472 reads

How to Turn Your OpenAPI Specification Into an AI Chatbot With RAG

by Dmitrii GalkinSeptember 24th, 2024

Too Long; Didn't Read

In this article, the author explores how combining Retrieval Augmented Generation (RAG) with OpenAPI specifications can automate and enhance API documentation. By using tools like Langchain and ChromaDB, they build a chat prototype that integrates with OpenAPI specs to answer questions such as "How to create a user via API?" The process involves splitting the OpenAPI specification into chunks, embedding them into a vector database, and retrieving relevant information during user queries. They provide code examples using FastAPI, Langchain, and Streamlit to demonstrate how to implement this system. The experiment shows that integrating large language models with vector search can significantly simplify working with API documentation, benefiting startups and teams with limited resources.

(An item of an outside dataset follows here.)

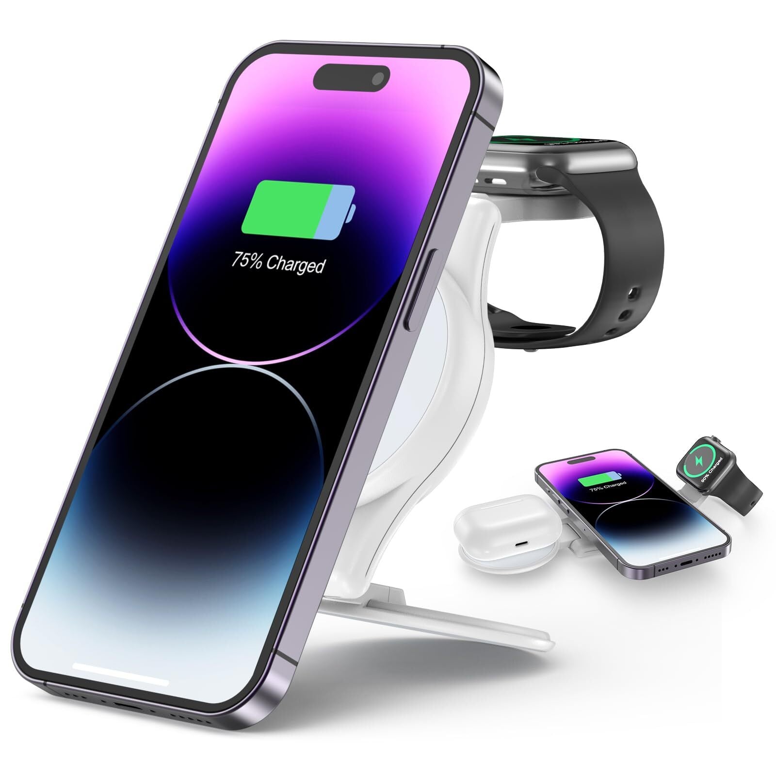 HOUOA magsafe充電器 3in1マグセーフ充電器 折畳み スタンド 特有のapple watch急速充電 iphone アップルウォッチ 急速充電 iPhone 15/14/13/12シリーズ/AirPods/Apple Watchなど対応 マグネット式充電器 軽量 携帯便利(ホワイト)
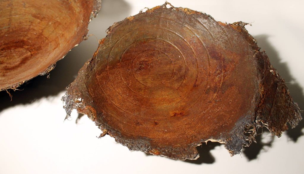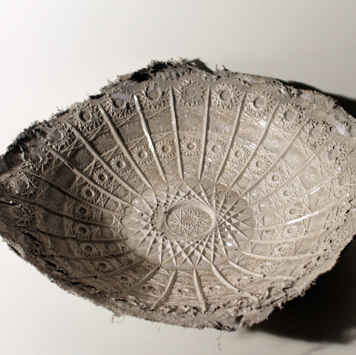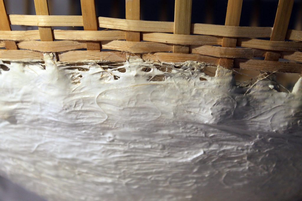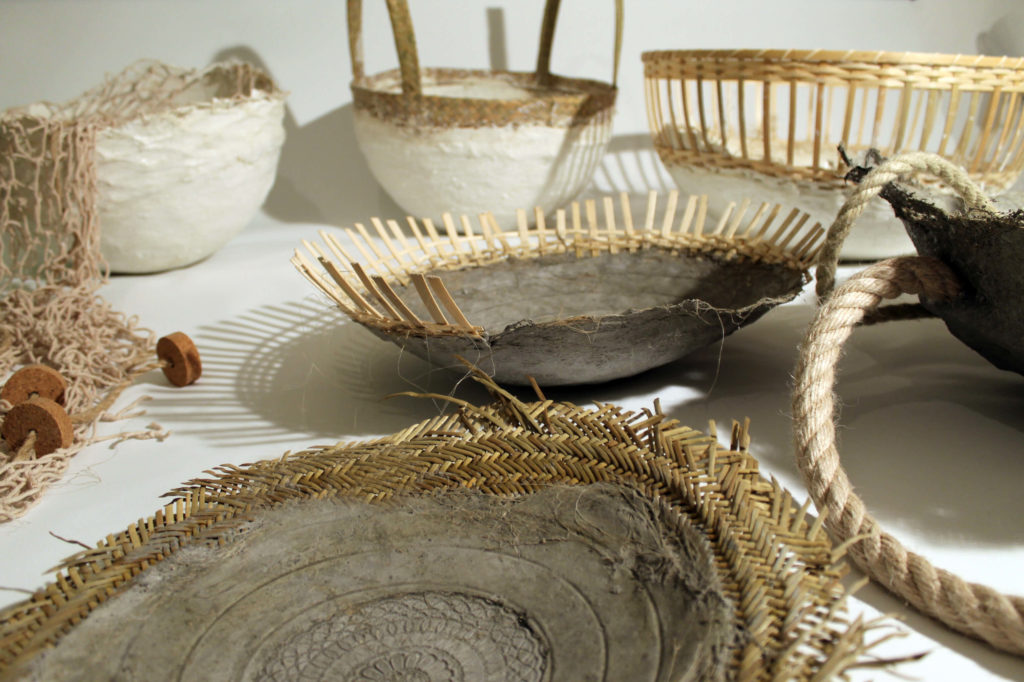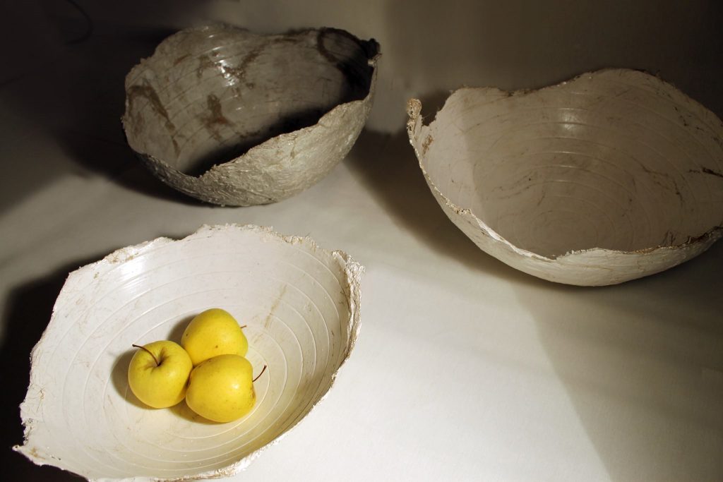 他收集的实验碗,由水泥,水和液压大麻螺纹混合而成,是设计用品重新发现使用纸浆技术的最好例子。

featured image - How to Turn Your OpenAPI Specification Into an AI Chatbot With RAG

The modern corporate world is filled with microservices and APIs, which are developed by various teams at an extremely fast pace. Despite the popularity of tools like FastAPI, which allows generating specifications based on Pydantic, one of the main challenges startups face is the lack of time to write quality documentation. However, if part of the code is already being generated automatically, it might be possible to reduce the amount of manual work.

In this article, I want to share my experience, where I decided to conduct an experiment: combining OpenAPI with LLM and observing how it affects the generation and accessibility of documentation. Using Retrieval Augmented Generation (RAG), ChromaDB, and Langchain, I built a small chat prototype that integrates with OpenAPI Specification.

This article is a detailed guide for those who want to learn how the experiment went and what steps I took to create a system that would allow for quickly finding answers to questions such as "How to create a user via API?" or "How to get a list of users?"

Retrieval Augmented Generation

Retrieval Augmented Generation (RAG) is an approach that combines generative models with a search mechanism to retrieve information from external data sources. RAG enhances the quality and accuracy of responses, as the model utilizes not only its trained parameters but also up-to-date data retrieved from information repositories, such as databases or vector stores.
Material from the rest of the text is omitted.